Genderspezifische Problematiken der Diagnose

Die Unterschiede zwischen den Geschlechtern bei ADHS-Diagnosen im Erwachsenenalter sind ein wichtiges und oft übersehenes Thema. 

 

 

Unterdiagnose bei Frauen

 

Frauen werden deutlich seltener mit ADHS diagnostiziert, obwohl die tatsächliche Prävalenz wahrscheinlich ähnlich ist wie bei Männern. Dies liegt daran, dass ADHS-Kriterien historisch hauptsächlich anhand von Jungen entwickelt wurden, wodurch typisch weibliche Symptomausprägungen übersehen werden.

 

 

Unterschiedliche Symptompräsentation

 

Bei Frauen häufiger:

  • Unaufmerksamkeitstyp (weniger hyperaktiv-impulsiv)
  • Internalisierte Symptome wie Tagträumen, Grübeln
  • Emotionale Dysregulation und Stimmungsschwankungen
  • Desorganisation im Alltag
  • Perfektionismus als Kompensationsstrategie

 

Bei Männern häufiger:

  • Hyperaktiv-impulsiver Typ
  • Externalisierte Symptome wie Störverhalten
  • Risikoverhalten und Substanzmissbrauch
  • Offensichtlichere Aufmerksamkeitsprobleme

 

 

Hormonelle Einflüsse

 

Frauen erleben oft Symptomverschlechterungen während:

  • Menstruation
  • Schwangerschaft
  • Menopause

Diese hormonellen Schwankungen können ADHS-Symptome verstärken oder erstmals deutlich machen, weshalb viele Frauen erst im Erwachsenenalter diagnostiziert werden.

 

 

Masking und Kompensation

 

Frauen entwickeln oft ausgeprägtere Bewältigungsstrategien ("Masking"), um ihre Symptome zu verbergen.

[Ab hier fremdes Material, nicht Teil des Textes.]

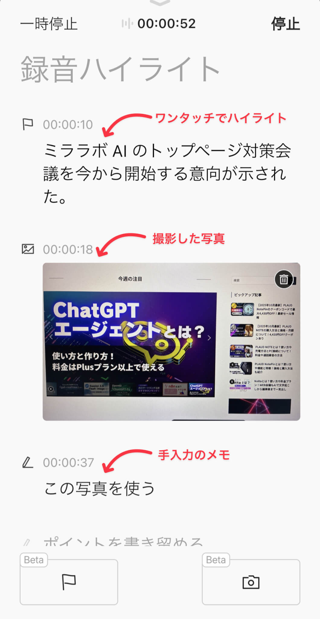 使い方は簡単で、録音中に本体の物理ボタンを軽く押すだけで、その瞬間がハイライトとして記録されます。

Sie fallen daher weniger auf, leiden aber unter hohem inneren Stress und Erschöpfung.

 

 

Komorbiditäten

 

Frauen mit ADHS haben häufiger:

  • Angststörungen
  • Depressionen
  • Essstörungen
  • Autoimmunerkrankungen

 

Männer zeigen eher:

  • Substanzmissbrauch
  • Antisoziales Verhalten
  • Schlafstörungen

 

 

Auswirkungen auf die Spätdiagnose

 

Viele Frauen erhalten ihre ADHS-Diagnose erst, wenn ihre Kinder diagnostiziert werden und sie Ähnlichkeiten erkennen. Die späte Diagnose kann zu jahrelangem Selbstzweifel und inadäquaten Behandlungen geführt haben.

Die Sensibilität für geschlechtsspezifische Unterschiede in der ADHS-Diagnostik wächst, aber es besteht weiterhin Aufholbedarf in der klinischen Praxis.